Problem description -> If an entry holds a picture, drop the picture but restate the entry word for word.

The records ->
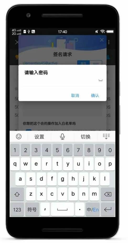 3. 最后,输入密码便可完成对白名单功能的的授权,再次进行相同合约操作时将可以免密操作。
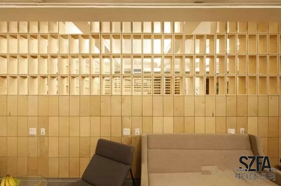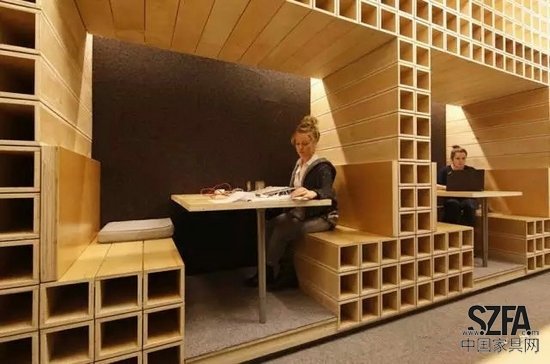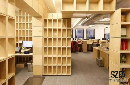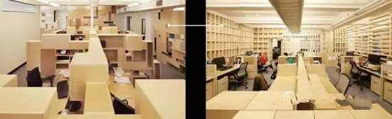 Taylor and Miller為他們開發了辦公室隔墻和家具系統,都是由不同尺寸和直線形狀的基本膠合板箱做成的。由多個隨機的方式安排的盒子組成了隔墻,這樣就允許了空間中的視覺連通性,當移動到新的空間后,原來的盒子被重新組織,用了單一的盒子形狀來搭建整面隔墻。對于設計師來說,這個想法是:隨著辦公室的擴展,在新的空間里增加了更多的勞動力,在人口密度增加和任務有重疊的情況下,辦公有一定程度的紊亂,該建筑體系的設計,將抵消這一混亂走向;盒子的重復性和紋理將這個工作間與下一個工作間分開,給員工提供了一個安靜的空間和隱私分層。
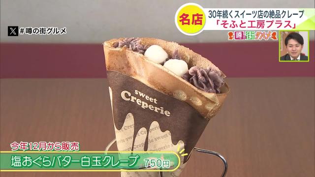 『塩おぐらバター白玉クレープ 750円(税込)』は、生地にバターが染み込んでいるサクサク食感の新メニュー。
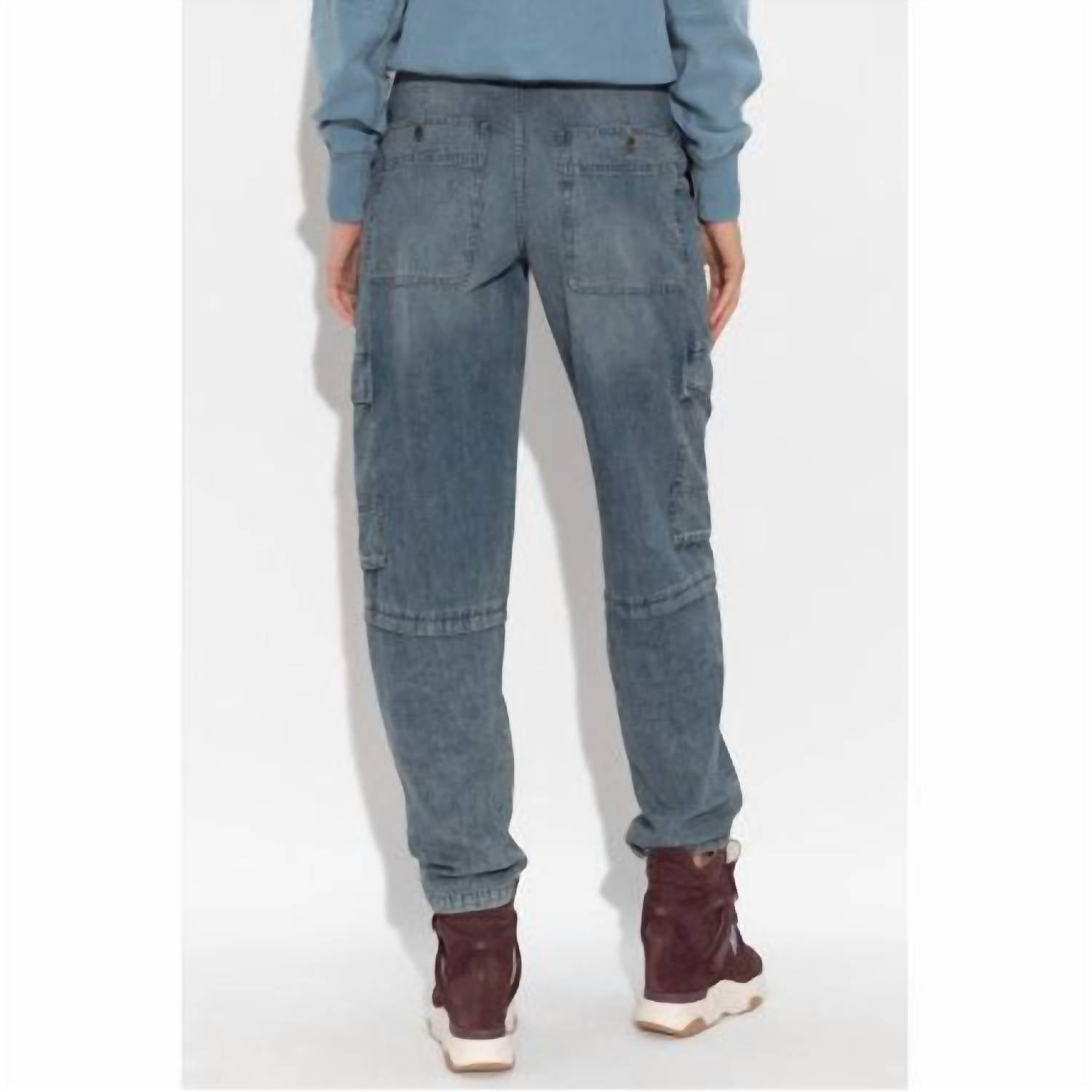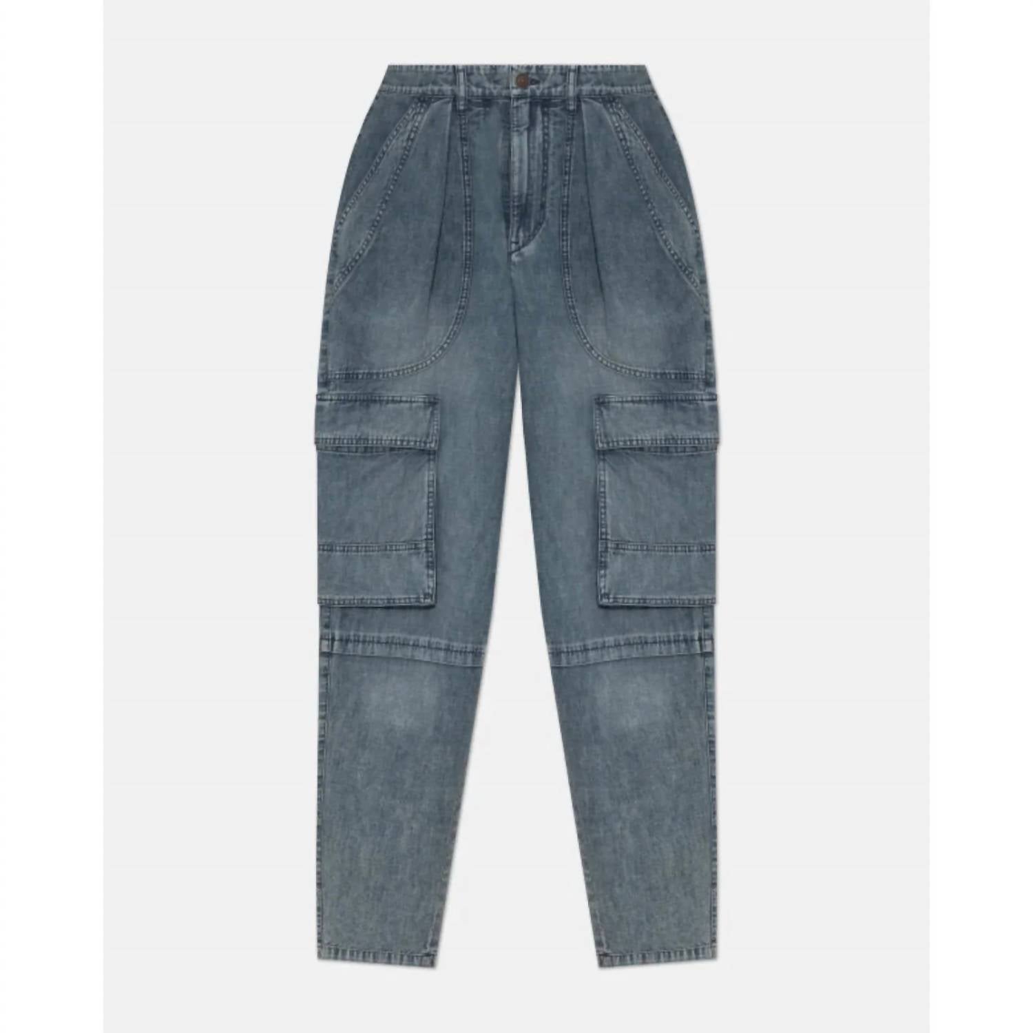A straightleg pant that workes season after season. Dress these up with your favorite blouse or keep it casual with your go-to tee. Blends a feminine tapered fit with utilitarian accents for a stylish edge. Constructed from heavyweight 100% cotton denim in a faded blue. Boast a relaxed fit with a mid-to-high rise and tapered leg style. Designed with both cargo and front & back pockets. Features a solid pattern with a medium wash that exudes a streetwear vibe perfect for travel occasions. Closure is a button type. Care instructions advise machine wash and tumble dry for easy maintenance.
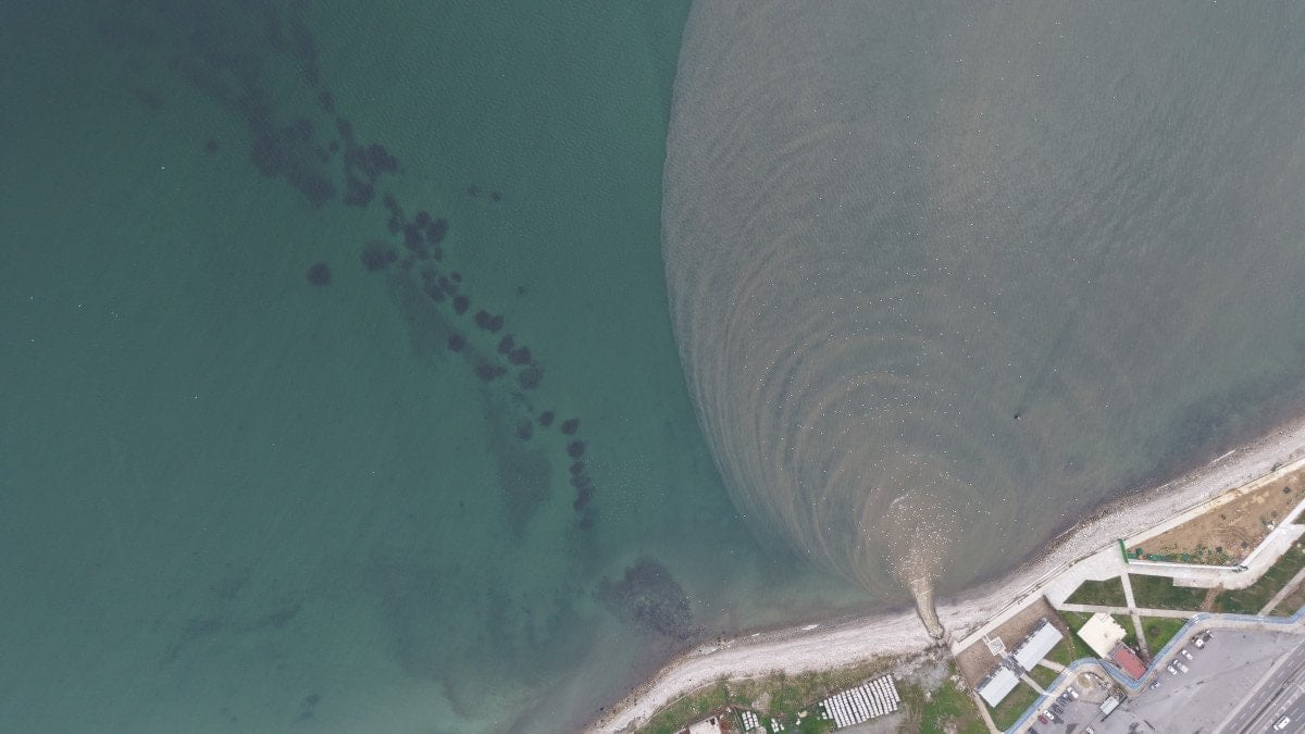 Havadan kaydedilen görüntülerde, atık suyun denize karıştığı yerde deniz yüzeyinin bulanık bir hal aldığı, temiz suyla kirli su arasındaki sınırın net biçimde görüldüğü dikkat çekiyor.
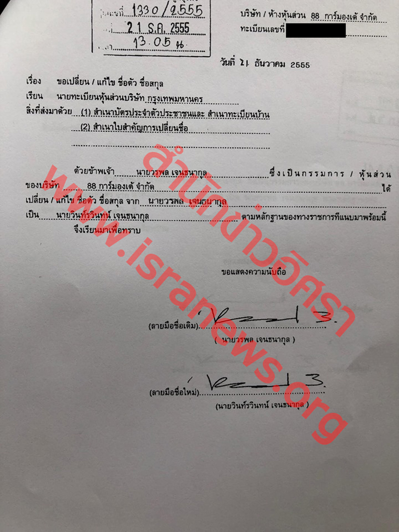 ทั้งนี้เมื่อวันที่ 21 ธ.ค. 2555 นายวรพล เจนธนากุล แจ้งต่อกรมพัฒนาธุรกิจการค้า เปลี่ยนชื่อ เป็นนายวินท์รวินทน์ เจนธนากุล ต่อมาเมื่อวันที่ 29 ก.ย. 2557 นายวินท์รวิทน์ เจนธนากุล แจ้งกรมพัฒนาธุรกิจการค้ากลับไปใช้ชื่อเดิมว่า นายวรพล เจนธนากุล

Answer for the task ->
 3. 最后,输入密码便可完成对白名单功能的的授权,再次进行相同合约操作时将可以免密操作。
 Taylor and Miller為他們開發了辦公室隔墻和家具系統,都是由不同尺寸和直線形狀的基本膠合板箱做成的。由多個隨機的方式安排的盒子組成了隔墻,這樣就允許了空間中的視覺連通性,當移動到新的空間后,原來的盒子被重新組織,用了單一的盒子形狀來搭建整面隔墻。對于設計師來說,這個想法是:隨著辦公室的擴展,在新的空間里增加了更多的勞動力,在人口密度增加和任務有重疊的情況下,辦公有一定程度的紊亂,該建筑體系的設計,將抵消這一混亂走向;盒子的重復性和紋理將這個工作間與下一個工作間分開,給員工提供了一個安靜的空間和隱私分層。
 『塩おぐらバター白玉クレープ 750円(税込)』は、生地にバターが染み込んでいるサクサク食感の新メニュー。
A straightleg pant that workes season after season. Dress these up with your favorite blouse or keep it casual with your go-to tee. Blends a feminine tapered fit with utilitarian accents for a stylish edge. Constructed from heavyweight 100% cotton denim in a faded blue. Boast a relaxed fit with a mid-to-high rise and tapered leg style. Designed with both cargo and front & back pockets. Features a solid pattern with a medium wash that exudes a streetwear vibe perfect for travel occasions. Closure is a button type. Care instructions advise machine wash and tumble dry for easy maintenance.
 Havadan kaydedilen görüntülerde, atık suyun denize karıştığı yerde deniz yüzeyinin bulanık bir hal aldığı, temiz suyla kirli su arasındaki sınırın net biçimde görüldüğü dikkat çekiyor.
 ทั้งนี้เมื่อวันที่ 21 ธ.ค. 2555 นายวรพล เจนธนากุล แจ้งต่อกรมพัฒนาธุรกิจการค้า เปลี่ยนชื่อ เป็นนายวินท์รวินทน์ เจนธนากุล ต่อมาเมื่อวันที่ 29 ก.ย. 2557 นายวินท์รวิทน์ เจนธนากุล แจ้งกรมพัฒนาธุรกิจการค้ากลับไปใช้ชื่อเดิมว่า นายวรพล เจนธนากุล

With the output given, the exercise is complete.